Local genome ancestry, gene search and gene ontology

The admixture mapping reconstructed by PCAdmix was finally used to adaptively search for introgressed alleles in the domestic x wildcat admixed individuals. We first selected the genome-wide regions showing an excess of domestic or wild cat contributions in the admixed individuals identified by Admixture. Chromosomal haplotype blocks of 20 SNPs were thus ranked according to their relative proportion of “domestic cat” or “wildcat” assignment detected by PCAdmix (corresponding to 100% domestic or 100% wild cat ancestry, respectively) in order to subsequently identify within them only the top and bottom 1% of the genome-wide frequency distribution that is expected to be enriched for genes bearing signature of positive selection after admixture79.

We additionally identified FST outlier SNPs at a significant P < 0.05 in BayeScan80 for evidence of selection signatures by comparing admixed individuals versus wildcats and admixed individuals versus domestic cats. The analysis was performed using default parameter values of 100,000 iterations after an initial burn-in of 50,000 steps, setting a maximum False Discovery Rate (FDR) = 0.05 (the allowed proportion of false positives), and a q value = 10% (the minimum FDR at which a locus may become significant). Outlier regions were obtained including 100 Kb on each side of the FST outlier SNPs detected by BayeScan, assuming an average LD in domestic cats of 96 Kb81.

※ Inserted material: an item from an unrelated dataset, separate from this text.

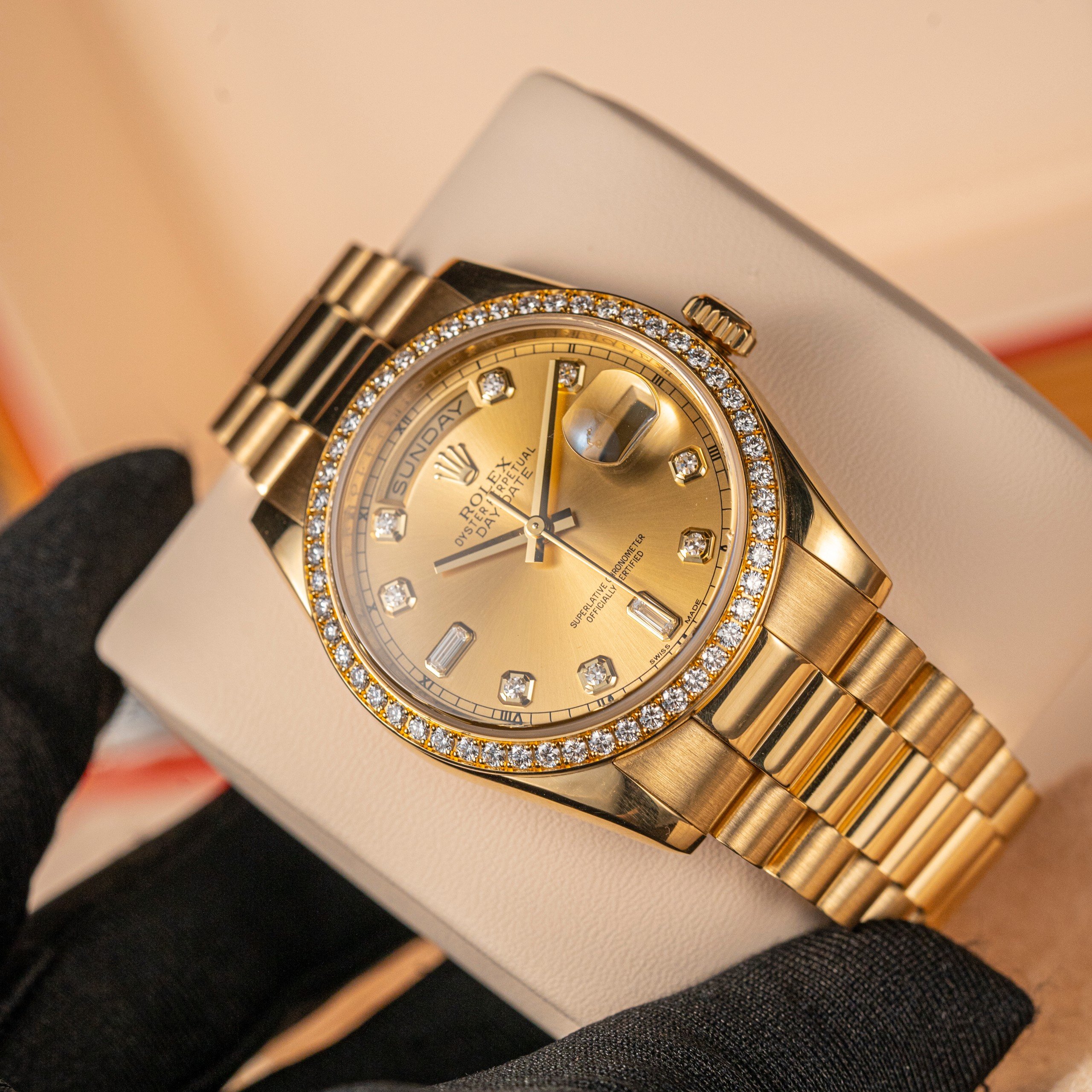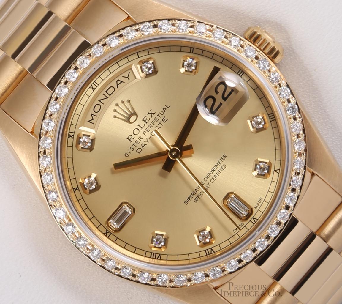 The Oyster Perpetual Day-Date is inlaid in a sophisticated 40mm 18k yellow gold case surrounding a champagne dial set with 10 baguette-cut diamonds. The bezel is exquisitely set with diamonds. The symbolic 18k yellow gold presidential bracelet includes semi-circular three-piece links and concealed Crownclasp, being the most sought-out timepiece to date.

Finally, we recovered the genes included in each domestic-like and wildcat-like outlier region obtained from both methods based on the Ensembl gene annotation 92 in Biomart82 (http://www.ensembl.org/biomart/martview/), and checked them for their possible enrichment for any Gene Ontology (GO), Biological Processes (BP) and Human Phenotypes (HP) categories available in G-profiler83. Enrichment was tested retaining those categories that were significant at P < 0.05 after Benjamini–Hockberg correction.

Selection of informative autosomal SNPs for both ancestry detection and population structure

The 35k LD-pruned SNP panel set was examined to identify a reduced set of ancestry-informative SNPs (AIMs). We first identified the most divergent SNPs between domestic cat and wildcat genotypes (showing Admixture qw = 1.000, and confirmed by PCAdmix, see Results) and ranked the SNPs for decreasing wild x domestic cat FST values in SVS and for informativeness of the assignment index (IN) in Infocalc84. The Spearman Rank correlation, r, was estimated among FST and IN ranks and its significance was tested with a Student’s t test. Three panel sets of 192, 96, and 48 SNPs were finally selected for assignment procedures performed in Admixture and PCA analyses in SVS to estimate their power to clearly identify reference parental populations (wild and domestic cats) and their admixed individuals.

Subsequently, we identified the most informative SNPs to distinguish the main European wildcat macro-populations27, ranking the markers for decreasing macro-pop average FST values in SVS and selecting two reduced panel sets of 96 and 48 SNPs that were reanalyzed in a PCA plot.

Finally, all the reduced panel sets of markers were combined to develop the most affordable panel set informative for both admixture and genetic structure analyses.